Specification check: A spec exists at .agents/projects/mamba3-mimo-native-attentionish-xla.md. The code adheres to the described decomposition (local block, chunk summary, lax.scan, prefix emit, diagonal correction). The spec's carry convention change from [P, N] to [N, P] for the native attention-style path is implemented. Test coverage includes all described parity scenarios (chunked vs sequential, XLA vs reference, direct recurrence, upstream torch reference).

Findings:

Duplicate validation (api.py:715-716 and api.py:746-747): mamba3_mimo_attentionish_forward_from_transformed checks implementation not in (None, "xla", "reference") twice -- once at line 715 and again at line 746 after the reshape work. The second check is dead code since any invalid value would already have raised. Fix this →
Traced-value check in validation (api.py:414): _require_none_or_zero uses bool(jnp.all(value == 0)) which forces a concrete evaluation. Under jax.jit, if angles or segsum is a traced array (not a compile-time constant), this will fail with a ConcretizationTypeError. The current callers pass None or literal zero arrays so this works today, but it is fragile if callers ever pass traced inputs. Consider documenting this limitation or using jax.debug.callback / a static check.
_materialize_chunked_layout is jnp.copy (api.py:466-469): This forces a concrete copy to break layout fusion. The intent is clear from the docstring, but it is worth noting that jnp.copy may be a no-op under some XLA optimization passes. If this is load-bearing for TPU performance, it may need a jax.ensure_compile_time_eval or a custom primitive in the future.
Custom VJP recomputes forward (xla.py:187-220): The backward pass of _mamba3_chunked_forward_xla_batched_default_custom_vjp_bwd saves all 6 primals as residuals, then recomputes the full forward inside jax.vjp to obtain the pullback. This means the forward is computed twice during backprop. This is acknowledged in the spec ("recompute-heavy custom VJP") and is correct, but the residuals tuple is then unused except to feed into the re-forward. The primals_out from jax.vjp is discarded. This is fine for correctness (the VJP is just delegating to autodiff with explicit SymbolicZero handling), but worth noting that the residuals could be reduced to just the primals needed for recomputation.

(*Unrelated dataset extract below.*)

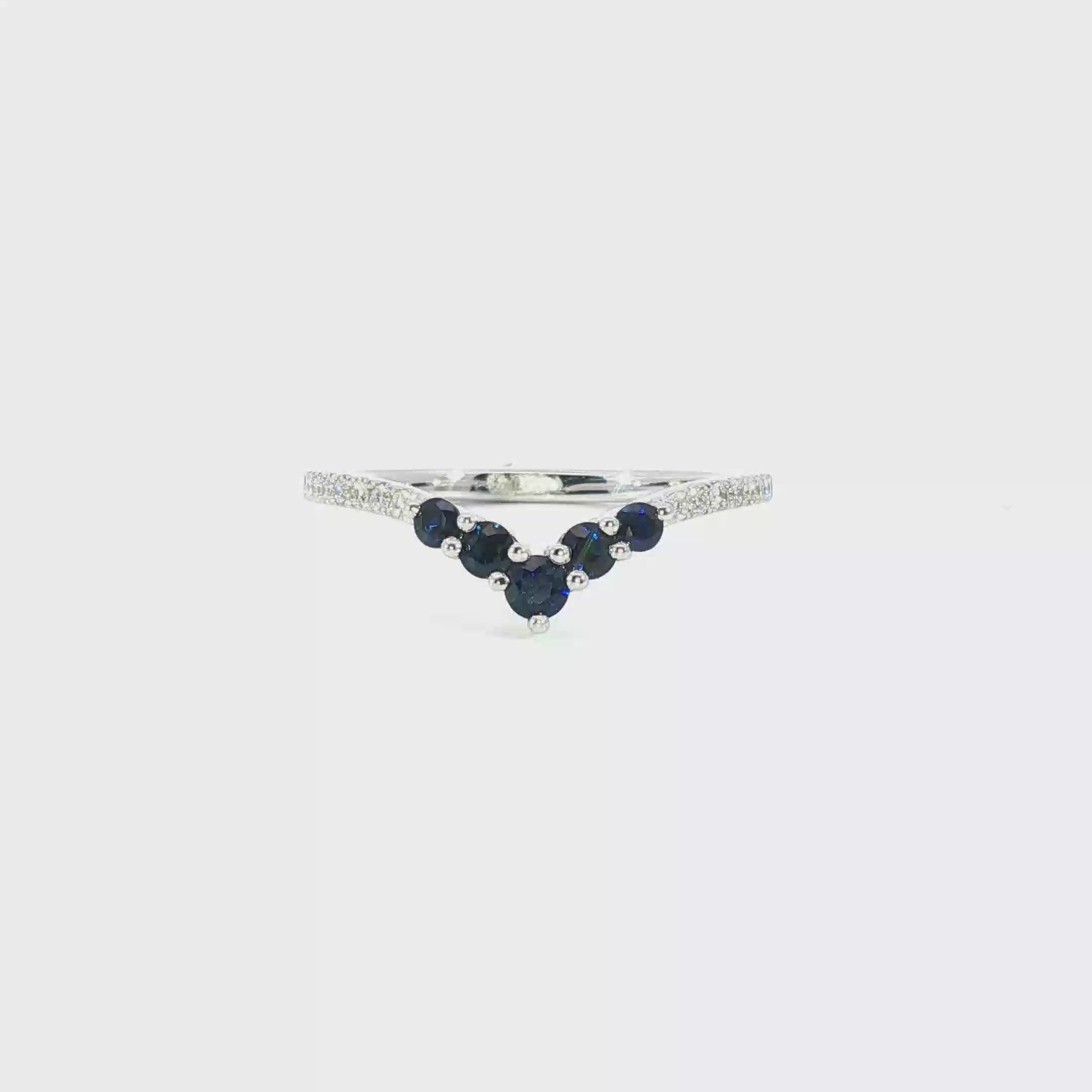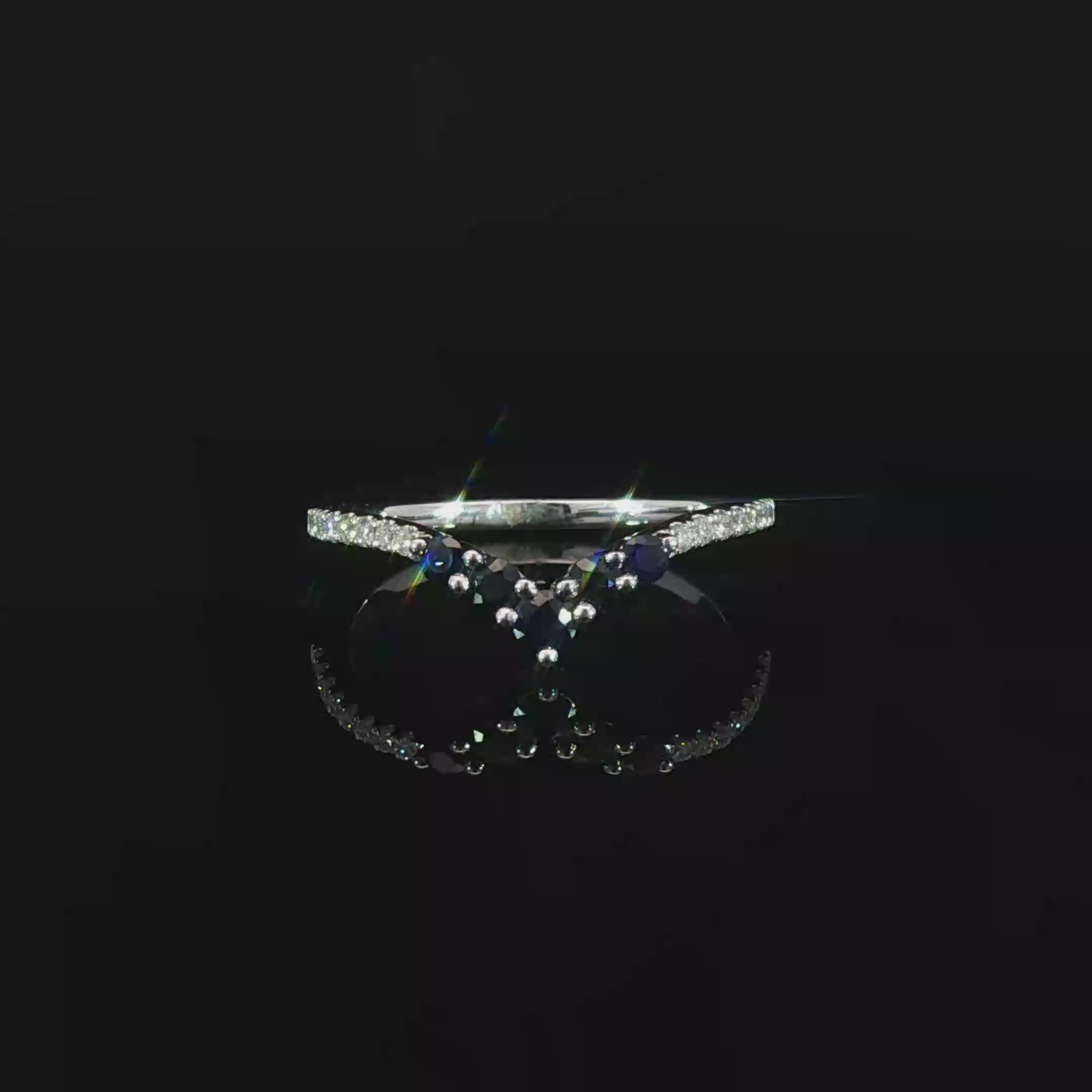 14K White Gold Ring with Deep Blue Sapphire Accents

No bugs or correctness issues found. The test coverage is thorough: 30+ tests covering SISO/MIMO parity against sequential oracles, direct recurrences, upstream torch references, gradient matching, dtype preservation, JIT compilation smoke tests, attention-style API equivalence, and QK group mapping.

dlwh · 2026-03-22T05:32:30Z

🤖 Follow-up: the research logbook for this thread now lives on the dedicated research branch research/mamba3-xla-tpu-logbook rather than on the PR branch.

Logbook:

https://github.com/marin-community/marin/blob/research/mamba3-xla-tpu-logbook/.agents/logbooks/mamba3-xla-reset.md

Latest block-level TPU comparison from that logbook:

hidden=4096, batch=4, bf16, v5p-8
SISO beats both Splash attention baselines at seq_len=4096, 8192, and 32768
MIMO r=4 is behind attention at 4096 and 8192, but overtakes both attention baselines by 32768

Representative seq_len=32768 forward/backward tokens/s:

attention_gqa16: 3.30M / 0.62M
attention_mha32: 3.02M / 0.60M
mamba3_siso: 12.98M / 4.48M
mamba3_mimo_r4: 5.27M / 1.02M

That strengthens the current shipping recommendation: the XLA Mamba-3 path is already training-competitive for long-context workloads, with SISO especially strong and MIMO becoming competitive once context is long enough.

dlwh · 2026-03-22T05:59:15Z

🤖 Follow-up on Claude's review:

Landed one concrete cleanup in a6654c550:

removed the dead duplicate implementation validation in mamba3_mimo_attentionish_forward_from_transformed(...)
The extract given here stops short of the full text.